The U.S. Court of Appeals for the Federal Circuit found that the filing of a terminal disclaimer in related patents does not bind the patents for purposes of unenforceability due to inequitable conduct. Pharmacia Corporation v. Par Pharmaceutical, Inc., Case No. 04-1478, (Fed. Cir. Aug. 10, 2005) (Rader, J.).

At trial, Par admitted infringement of two of Pharmacia’s patents, U.S. 5,422,368 and 5,296,504, and did not assert any invalidity defenses. Instead, Par asserted both patents were unenforceable due to inequitable conduct in one of the patents. During prosecution of the `368 patent and after the `504 patent had issued, Pharmacia filed a declaration in response to a rejection over a prior art disclosure of a genus of compounds that included Pharmacia’s claimed compound. The declaration included inaccurate statements the district court found highly material, which were also found to contradict the declarant’s own publication as well as two Japanese publications cited in the declarant’s publication. The district court found it significant that none of the contradictory publications had been brought to the U.S. Patent and Trademark Office’s (USPTO) attention. The district court found only the `368 patent to be unenforceable due to inequitable conduct. Because Par had admitted infringement of the `504 patent, the court entered judgment for Pharmacia on it and for Par on the `368 patent. Both parties appealed.

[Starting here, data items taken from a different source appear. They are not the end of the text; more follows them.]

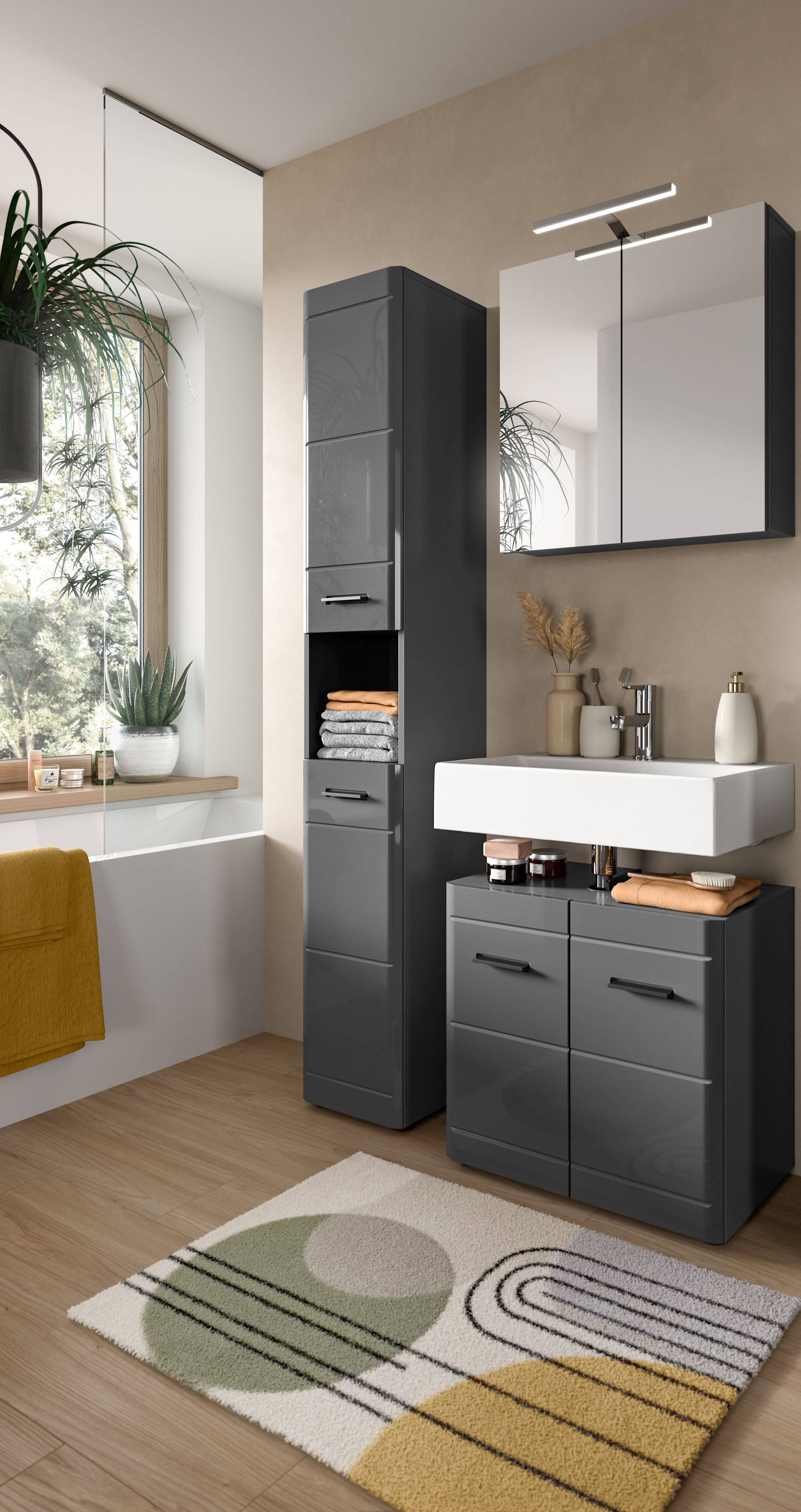 - Qualität/Pflege: Hergestellt aus hochwertigen Materialien gewährleistet die Badkombination eine hohe Qualität und Langlebigkeit. Die graue Nachbildung mit grauem Hochglanz tiefzieh ist pflegeleicht und kann leicht mit einem feuchten Tuch gereinigt werden, um ihr attraktives Aussehen zu bewahren.
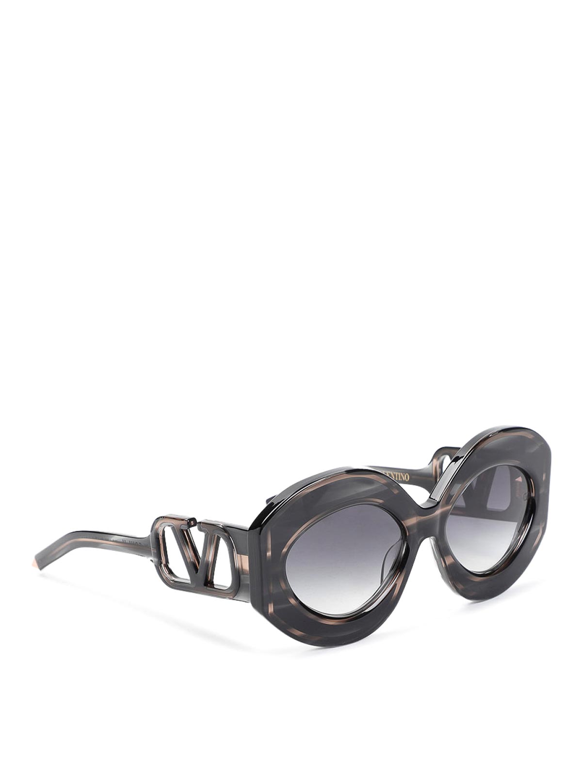 Lunettes de soleil Valentino V, Soul II noires et noires fabriquées en noir et monture ronde, verres gris façonnés, V ton sur ton, logo sur les branches
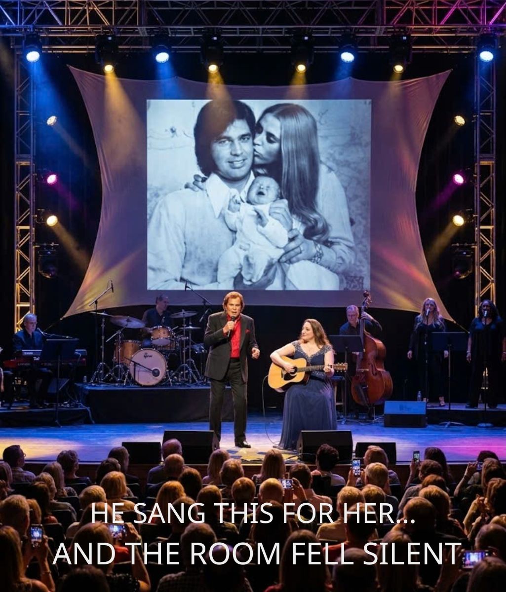 Before the music began, Engelbert paused. He looked upward, as if searching beyond the lights, beyond the ceiling—as if reaching for someone no longer physically present, yet still profoundly near.
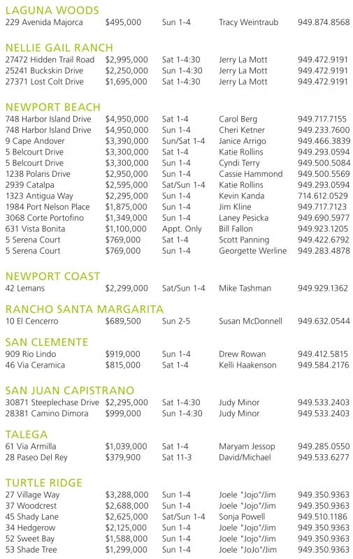 748 Harbor Island Drive $4,950,000 Sat 1-4 Carol Berg 949.717.7155 748 Harbor Island Drive $4,950,000 Sun 1-4 Cheri Ketner 949.233.7600 9 Cape Andover $3,390,000 Sun/Sat 1-4 Janice Arrigo 949.466.3839 5 Belcourt Drive $3,300,000 Sat 1-4 Katie Rollins 949.293.0594 5 Belcourt Drive $3,300,000 Sun 1-4 Cyndi Terry 949.500.5084 1238 Polaris Drive $2,950,000 Sun 1-4 Cassie Hammond 949.500.5569 2939 Catalpa $2,595,000 Sat/Sun 1-4 Katie Rollins 949.293.0594 1323 Antigua Way $2,295,000 Sun 1-4 Kevin Kanda 714.612.0529 1984 Port Nelson Place $1,875,000 Sun 1-4 Jim Kline 949.717.7123 3068 Corte Portofino $1,349,000 Sun 1-4 Laney Pesicka 949.690.5977 631 Vista Bonita $1,100,000 Appt. Only Bill Fallon 949.923.1205 5 Serena Court $769,000 Sat 1-4 Scott Panning 949.422.6792 5 Serena Court $769,000 Sun 1-4 Georgette Werline 949.283.4878
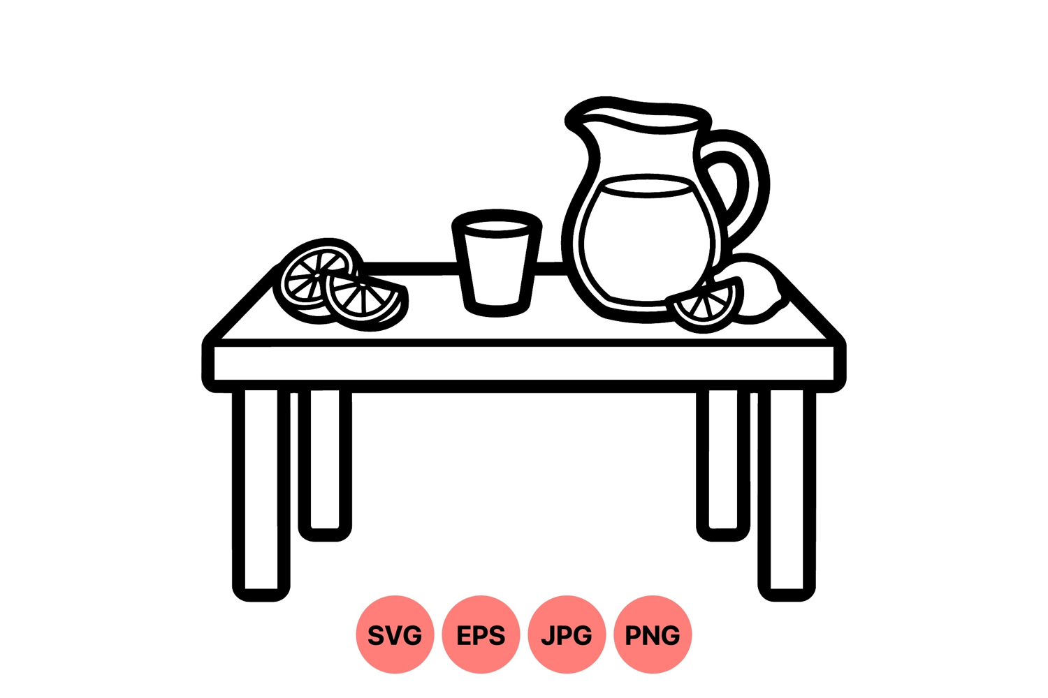 Minimalist black and white line art showing a pitcher filled with liquid a glass and lemon slices placed on a wooden table in a clean flat vector style perfect for food or drink themed illustrations
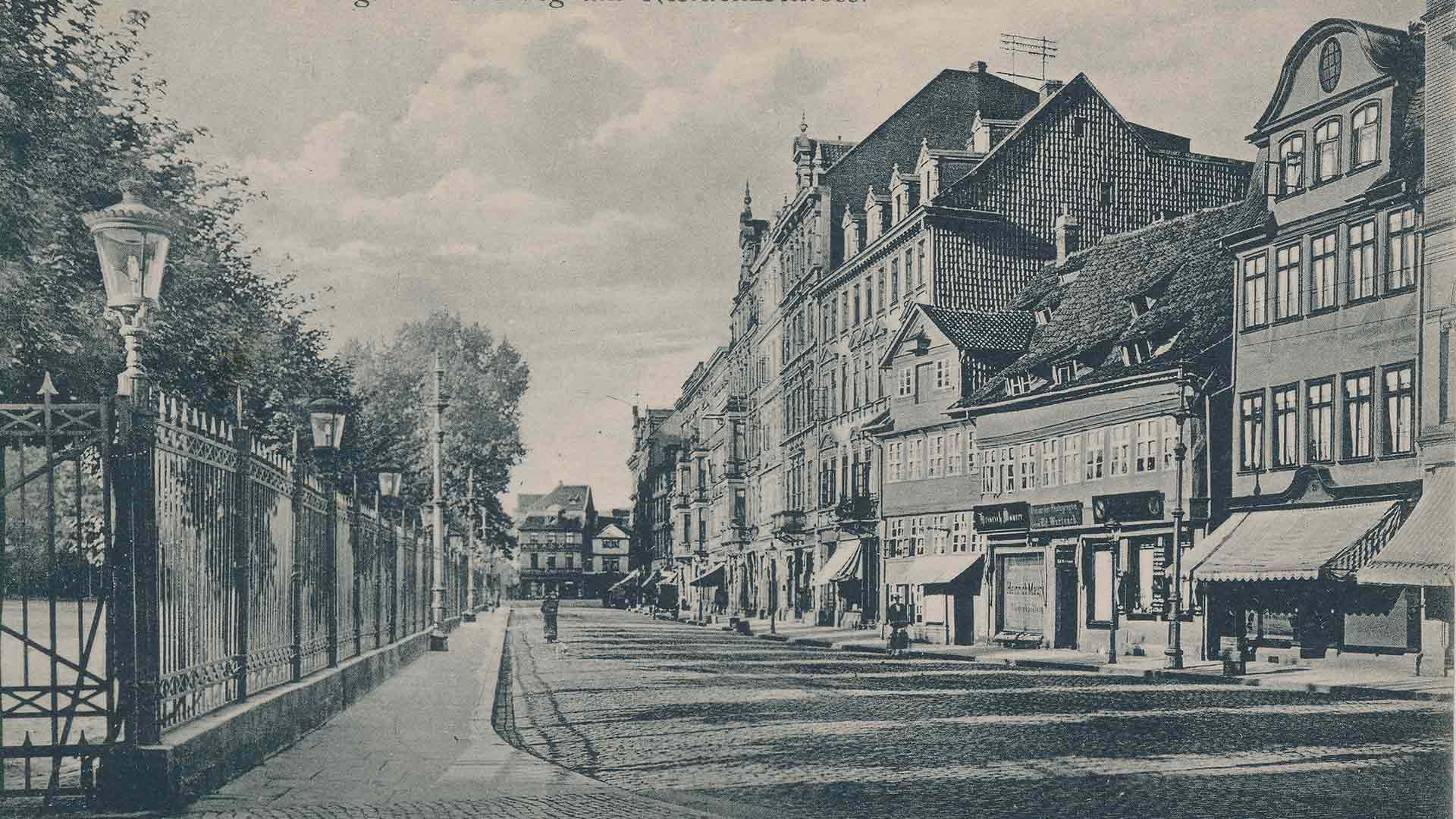 Daher wurden sie immer weiter als Tankstelle mit angeschlossenem Kiosk ausgebaut und in meiner Jugendzeit so um 1978 herum waren sie auch weit und breit die einzigen, wo wir noch unseren Bedarf an „Genussmitteln“ decken konnten. Zurück zum Bohlweg: Mit unserer Phantasie können wir uns lebhaft vorstellen, wie in alter Zeit Damen und Herren in wilhelminischer Kleidung hier entlang flanierten und zu abendlicher Stunde unter Gaslaternen einkauften, die Hektik der heutigen Zeit war noch fremd. Der Schlossvorplatz, der für Feierlichkeiten und militärische Paraden genutzt wurde, war eingezäunt und reichte bis an den Bohlweg heran, schön zu sehen auf der Ansicht von 1906.
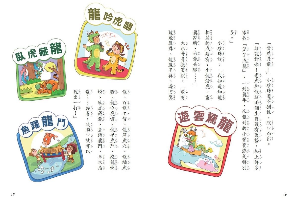 大米哥哥接著說:「還有龍飛鳳舞、龍鳳呈祥、遊雲驚龍、百龍之智、龍潭虎穴、龍蟠虎踞、龍吟虎嘯、龍爭虎鬥、乘龍快婿、臥虎藏龍、魚躍龍門、車水馬龍……你看,我順口就可以說出一打!」
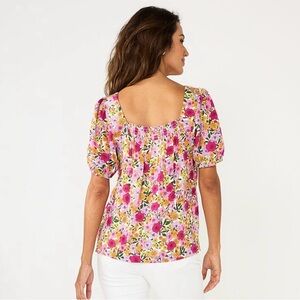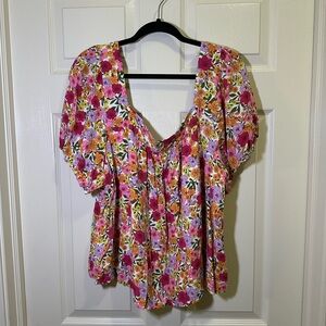 Women’s Draper James RSVP top. Square neck with elastic in the back. Puff sleeves with elastic around the ends. Looser flowing fit with a lining. Pink and purple floral print. Size 2X. Only worn a couple times. 100% rayon.
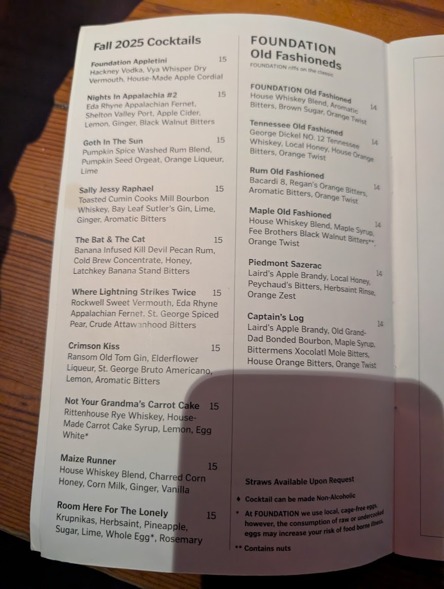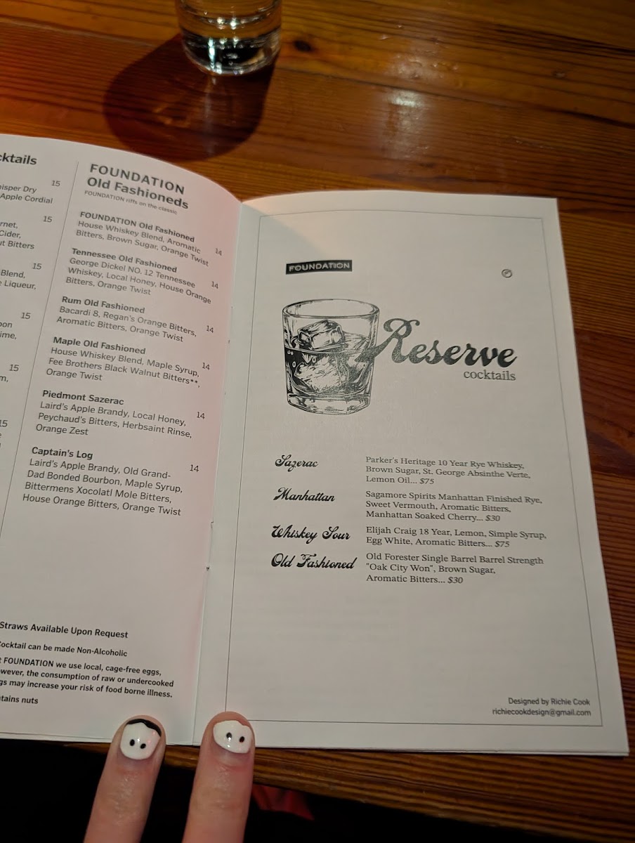 The menu at FOUNDATION offers a thoughtfully curated selection of cocktails and drinks that resonate with its intimate, below-street-level atmosphere. You'll find a range that leans into classic whiskey cocktails like their Tennessee Old Fashioned and Piedmont Sazerac, alongside refreshing choices such as the Mojito and Pisco Sour. This mix of timeless and contemporary drinks suits moments when you want to unwind with friends or enjoy a quieter evening out.
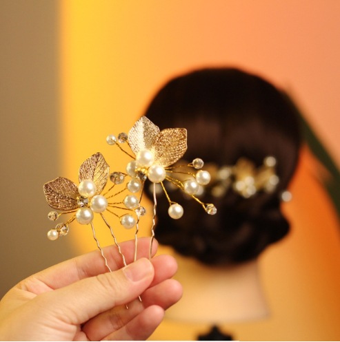 한국식 헤어 빗 신부 헤어 액세서리 꽃 헤어 U 자형 헤어 클립 달콤한 꽃 모조 다이아몬드 머리핀 헤어 핀 헤어 핀
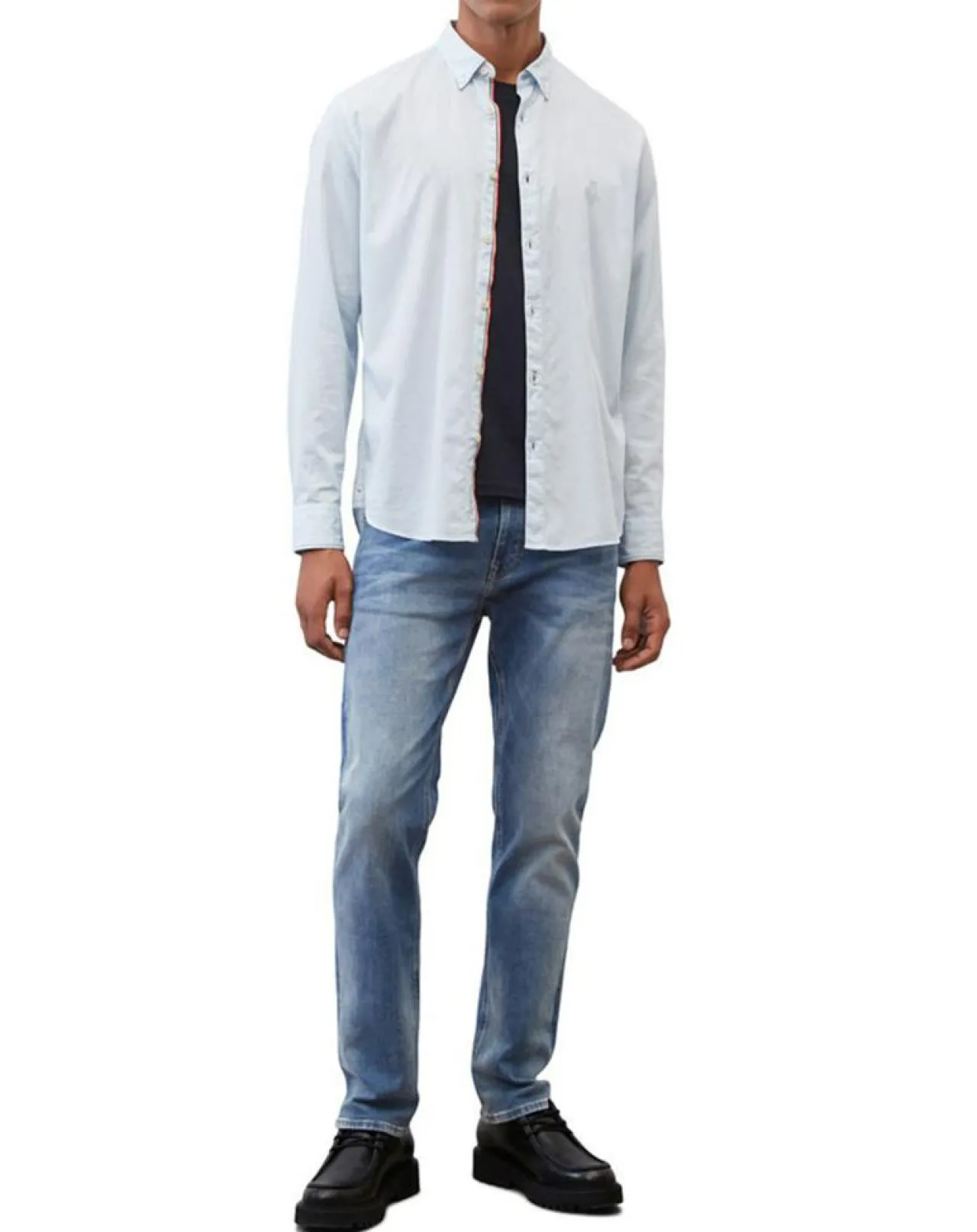 Jean – modèle KEMI – en coton mélangé haut de gamme, animé de plis permanents du déjà porté au look décontracté et d’un délavage bleu moyen très cool.
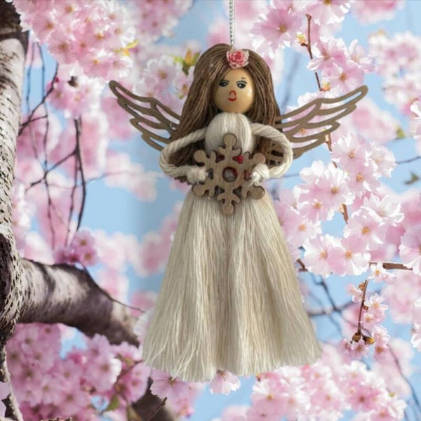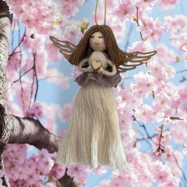 Tissé à la main avec des fils naturels, chaque ange en macramé incarne la tendresse, la protection et la magie des petits gestes. Avec ses ailes délicatement frangées, son halo doré et son cœur en bois, il apporte une touche céleste à votre décoration. À suspendre dans une chambre, près du sapin ou dans un espace de méditation, il veille avec discrétion et bienveillance.
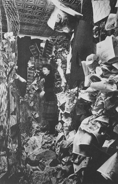 Этот энвайронмент был создан из проволочной сетки, порванного на куски картона, лоскутов ткани, рубероида и огромного количества порванных и смятых газет, которые заполнили ячейки проволочной сетки. Энвайронмент был выстроен как лабиринт с узкими извилистыми проходами, через которые посетители были вынуждены буквально пробираться, натыкаясь на комки газет на полу, к центральному пространству, где стояла тележка с яблоками и размещались надписи: «Яблоки, яблоки, яблоки». Капроу пытался обезопасить энвайронмент, опрыскав газеты специальной жидкостью, препятствующей воспламенению, в то время как руководство галереи не высказало никаких опасений215. Другой особенностью галерей такого типа было то, что они, по сравнению с музеями, были малоизвестны, а проводимые там выставки имели низкую посещаемость и скудно (а зачастую и пренебрежительно) освещались в прессе.
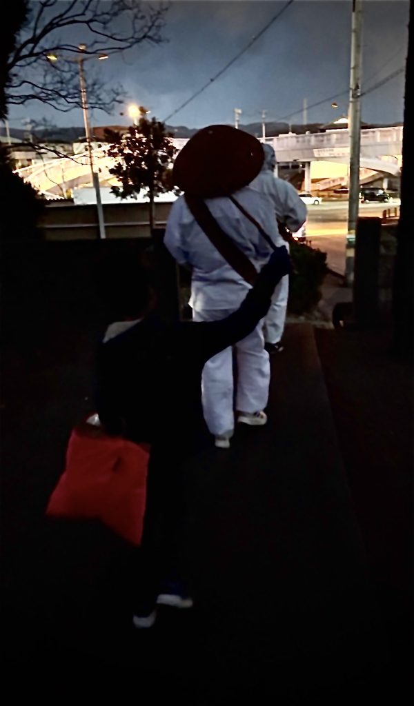 太鼓を叩きながら約2時間、近所を回らせていただく寒修行の季節。
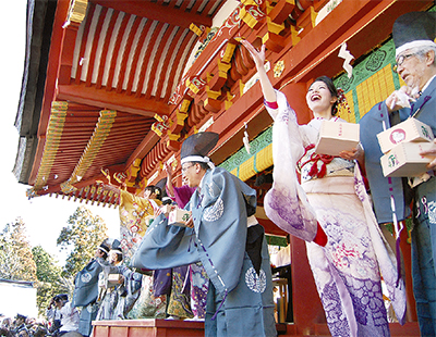 神事の後、3日午後3時40分からゲストや福男・福女らによって豆がまかれる。

The issues on appeal were whether Pharmacia’s actions during prosecution of the `368 patent amounted to inequitable conduct and whether a finding of inequitable conduct in the `368 patent tainted its sibling, the `504 patent.

The Federal Circuit affirmed the finding of inequitable conduct in the `368 patent based on the conflict between the declarant’s statements in his declaration and his prior publication and supporting Japanese articles, which were never reported to the USPTO. The Federal Circuit then turned to the issue of whether the filing of a terminal disclaimer in the `504 patent bound the two patents so as to taint the `504 patent under an infectious unenforceability theory.

The Federal Circuit, noting the strong policies that dictated the creation of the doctrine of co-expiration and co-ownership of related patents, found that beyond their shared expiration date, two terminally disclaimed patents maintain their individuality and are still independently presumed valid. The Federal Circuit distinguished Kingsdown Med. Consultants, Ltd., where the occurrence of inequitable conduct in procuring some of the claims of a patent was held to render the entire patent unenforceable, noting Kingsdown applied only to claims in a single patent. The Court also distinguished Hewlett-Packard Co., where a reissue patent and all of the original claims were held unenforceable due to inequitable conduct that occurred during prosecution of the reissue application, pointing out that the original patent had been surrendered and only the reissue application remained.

The Federal Circuit found the linkage of patents through a terminal disclaimer does not extend inequitable conduct in one patent to another patent that was not also acquired through culpable conduct. The Court affirmed the district court’s finding that the `504 patent is enforceable and infringed by Par.